# What a pain....



## Eric Muehlbauer (Jan 20, 2008)

My son got me up this morning to tell me that my 30 gal reef tank was leaking...got downstairs to find that about 5 gal of salt water had soaked into the floor....what a pain. That was todays activity...filling buckets with salt water and trying to keep these things alive until I could buy a new tank and set the whole thing up again. And my floor will be wet (and salty) for awhile. So far it seems that there are no losses...except for a relaxing Sunday....Take care, Eric


----------



## goldenrose (Jan 20, 2008)

Hope it's all taken care of! The bright side - thank goodness it wasn't a 90 gal. tank!


----------



## paphioboy (Jan 21, 2008)

Eric, i think if you remove the fish temporarily, you may be able to repair the leak with silicone... hope it helps...


----------



## likespaphs (Jan 21, 2008)

bummer, bub. think it'll help raise the humidity around the orchids? or isn't that a problem for you?


----------



## Eric Muehlbauer (Jan 21, 2008)

Actually I have my reef tanks in my "cool" room, and they do help maintain the humidity. This tank was beyond re-caulking. A reef tank gets covered in coralline algae...a hard, crusty, calcareous algae that is bright pink- purple. While I scrape it off the front glass before it gets heavy, all other surfaces get covered in hard pinkish-purple crust...plus, at $46, a new tank is worth the hassles of that stinky vinegar smelling caulk...and If I caulked it, my fish would stay in buckets for at least 24 hours. Everything is fine now, except that since its in my cool room, the water temp hasn't reached the 80 deg it needs, but is stuck in the low to mid 70's. Fish are fine, as are most of the corals, but my new bubble coral is all shriveled and may not make it........Take care, Eric


----------



## biothanasis (Jan 22, 2008)

Try not to rise the heat very quickly...


----------



## fundulopanchax (Jan 22, 2008)

Eric, you have my empathy and sympathy - been there and done that - several times!

Ron Burch


----------



## dave b (Jan 23, 2008)

Sorry to hear that one. 

I had a Fluval Canister filter come open under a 75 gallon a few years ago. One of the hinges broke, and it popped open under the pressure.

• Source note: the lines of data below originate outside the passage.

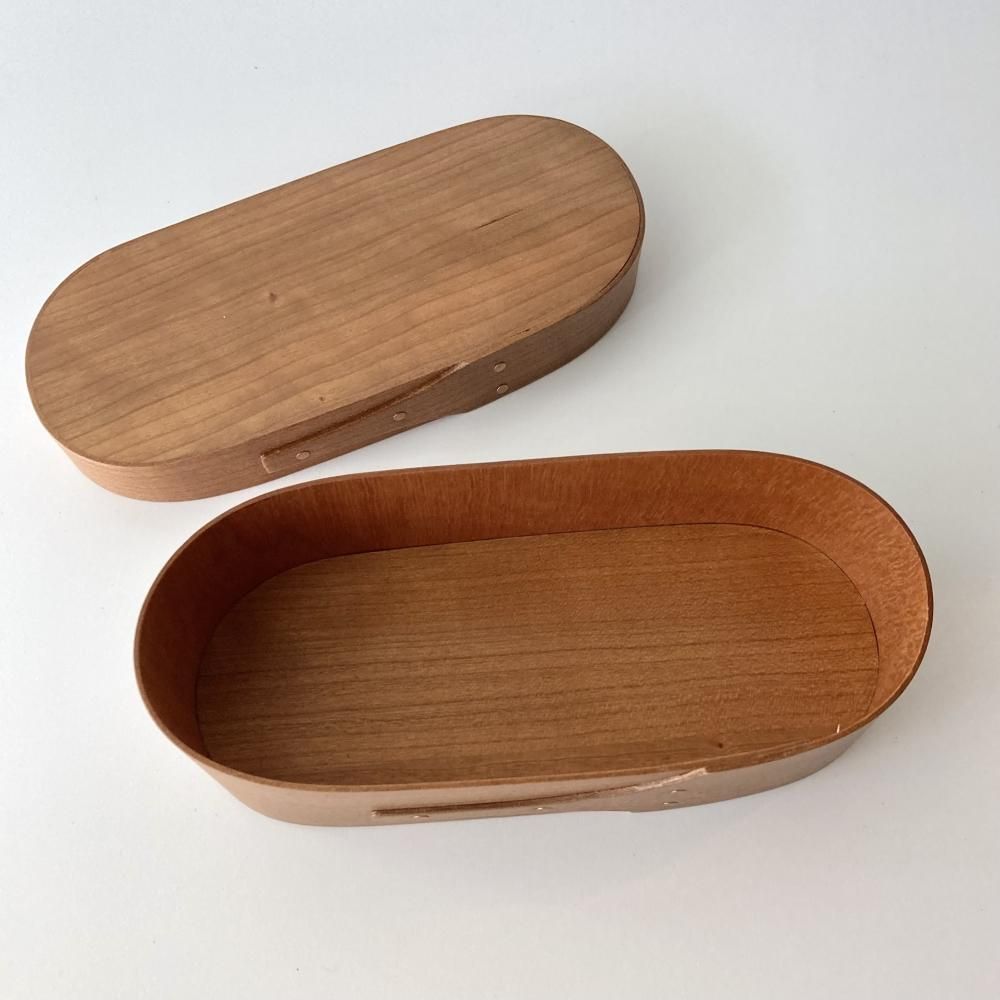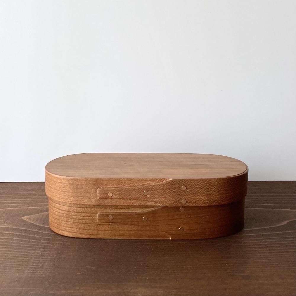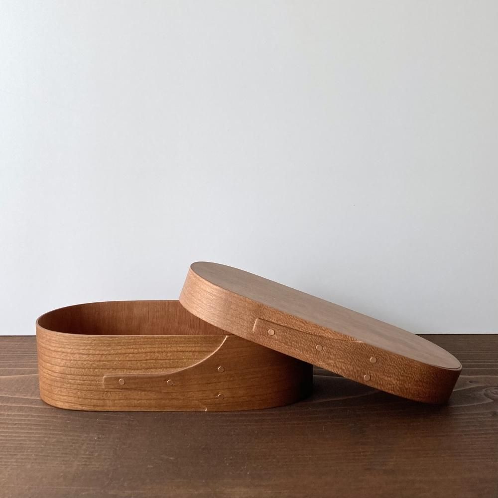 シェーカーボックスは薄い木材を曲げて作られる、シンプルな楕円型の木箱です。19世紀アメリカで自給自足の生活をした”シェーカー教徒”たちが道具として使った事で広く知られるようになりました。アクシスのシェーカーシリーズは、オリジナルシェーカーボックスのシンプルな美しさはそのままに、現代の日本の生活でも使いやすいサイズや機能性にこだわって作られています。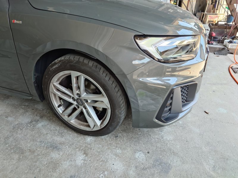 アウディ A1 フロントバンパー鈑金、フロントフェンダー、ヘッドライト交換修理事例 港区 天現寺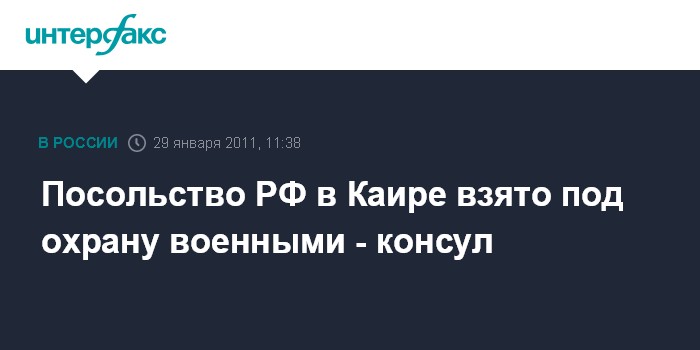Каир/Москва. 29 января. INTERFAX.RU - Египетские военные взяли под охрану здание посольства РФ в Египте, расположенное на улице Гизы в Каире. "Российское посольство охраняется солдатами. Вблизи диппредставительства стоит бронетехника и наряды военных", - сообщил заведующий консульским отделом посольства РФ в Египте Шамиль Утоев "Интерфаксу" в субботу.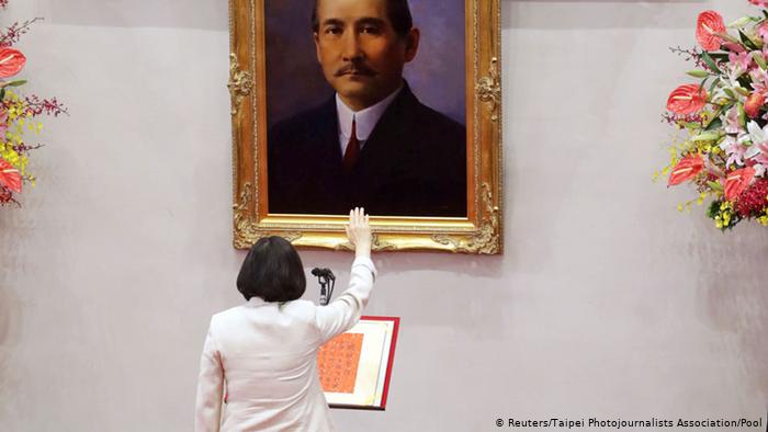 蔡英文时代 2016年的大选中,民进党主席蔡英文以超过56%得票率的绝对优势,击败朱立伦、宋楚瑜,成为台湾历史上第一位女总统。蔡英文拒绝承认“九二共识”。在2019年1月1日的新年讲话中,蔡英文提出“四个必须”,喊话北京“必须正视中华民国台湾存在的事实” ,并将中国“试图介入台湾政治与社会的发展”视为台湾当前“最大的挑战”。

I'll never forget it. I woke to a strange, sucking / gurgling sound from the living room. It was dark and i still half asleep, walked out to see what it was. As i approached the tank, i could make out a water line about 3/4 down from normal. My brain was trying to register what exactly that meant, when my feet suddenly sloshed in the wet carpet. It all became real clear, real fast.


----------



## Ernie (Jan 24, 2008)

Eric,

Been there too. Good luck! 

-Ernie


----------



## practicallyostensible (Jan 24, 2008)

dave b said:


> Sorry to hear that one.
> 
> I had a Fluval Canister filter come open under a 75 gallon a few years ago. One of the hinges broke, and it popped open under the pressure.
> 
> I'll never forget it. I woke to a strange, sucking / gurgling sound from the living room. It was dark and i still half asleep, walked out to see what it was. As i approached the tank, i could make out a water line about 3/4 down from normal. My brain was trying to register what exactly that meant, when my feet suddenly sloshed in the wet carpet. It all became real clear, real fast.



Had the same problem with Fluval. I've purchased only Eheim canister filters sincem, and haven't had any issues (knock on wood).


----------